Он создал их отличными от всего, что было прежде: смешал землю с морской водой и вылепил тела, соткал души из рассветных лучей и тепла полуденного солнца, вдохнул в сплетение разум и чувства и назвал последних из своих детей людьми. Они стали подарком для богов, которых Творец все также любил и считал самыми превосходными творениями.
Отрывок VI из сказания о сотворении мира и его погибели
Сперва Сенрад сильно сомневался, правильно ли поступил, дав ей так просто уйти. С одной стороны, не было никакого смысла продолжать погоню: девчонка все равно окажется здесь, когда он захочет. Он живет в Косе с рождения и знает каждый уголок, где можно спрятаться, и каждого человека, способного этот уголок предоставить. Но с другой стороны, все, что он так долго и упорно строил, рушилось сейчас на глазах, как бы Сен не хотел этого отрицать, и невозможность получить какую-то девушку лишь заставляла его увериться в этом только сильнее.
Старший Кристо был не из тех, кто искал в неудачах результат собственных действий; это было куда более свойственно его брату, а Сенрад же знал, что все происходящее, каким бы оно ни было, ведет его к одной цели - правлению.

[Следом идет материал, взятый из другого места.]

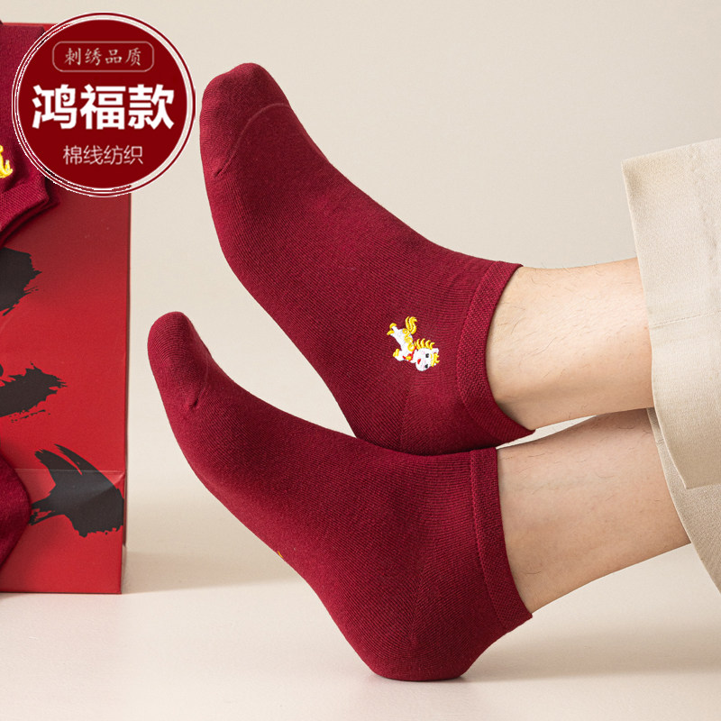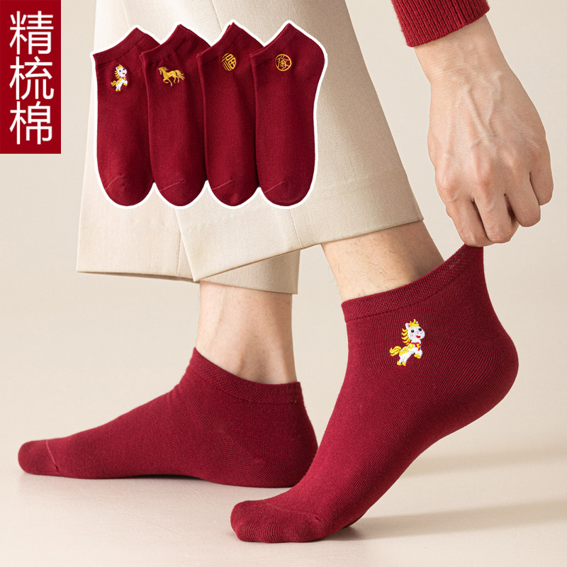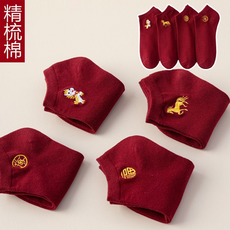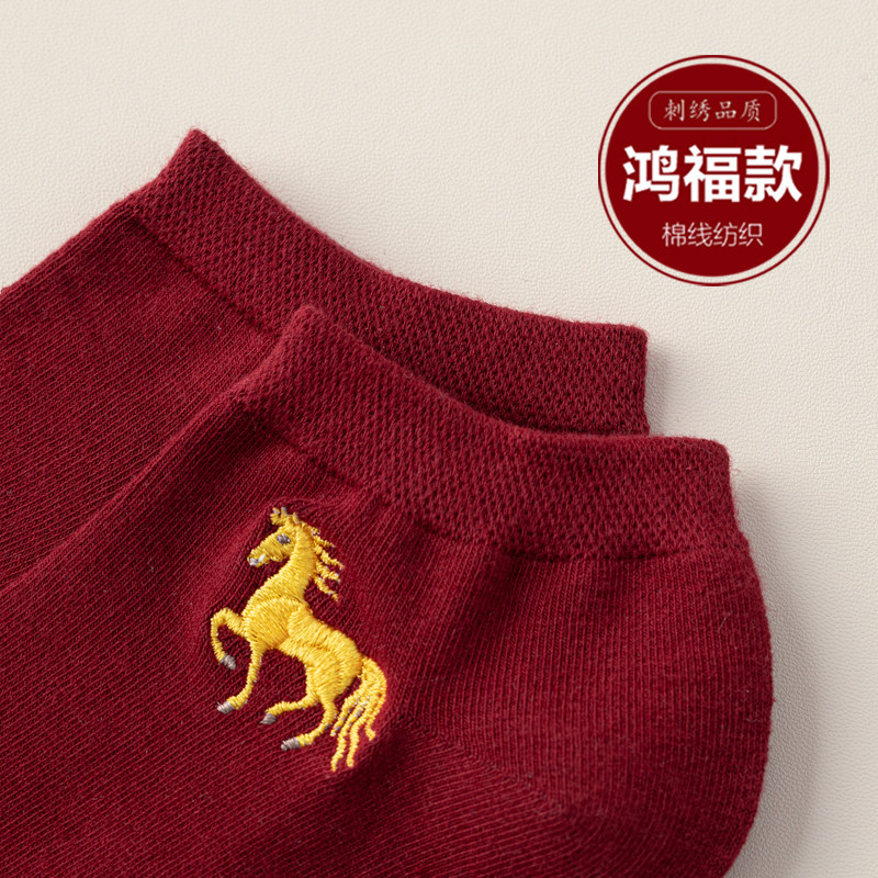 酒红色属马年船袜本命年男女一对喜字结婚情侣春夏薄款红袜子短袜

Сейчас он не мог точно сказать, когда появилась эта уверенность, но ему казалось, что эту мысль взрастила в нем его мать. Графиня Мадолина Кристо, законная дочь бывшего графа и носительница магии в третьем поколении, не вызывала у Сена никаких чувств, кроме отвращения. И это несмотря на то, что все детство она боготворила своего старшего сына, отдавая ему все самое лучшее, что могла позволить - учителей, вещи, связи и деньги. Он старался отвечать на это тем же, работая без устали над собственной магией и образованием. Но сколько бы он не делал, от нее всегда слышал лишь одно: "Ты сплошное разочарование, Сенрад. Бесполезный ребенок. Мне жаль, что родился именно ты."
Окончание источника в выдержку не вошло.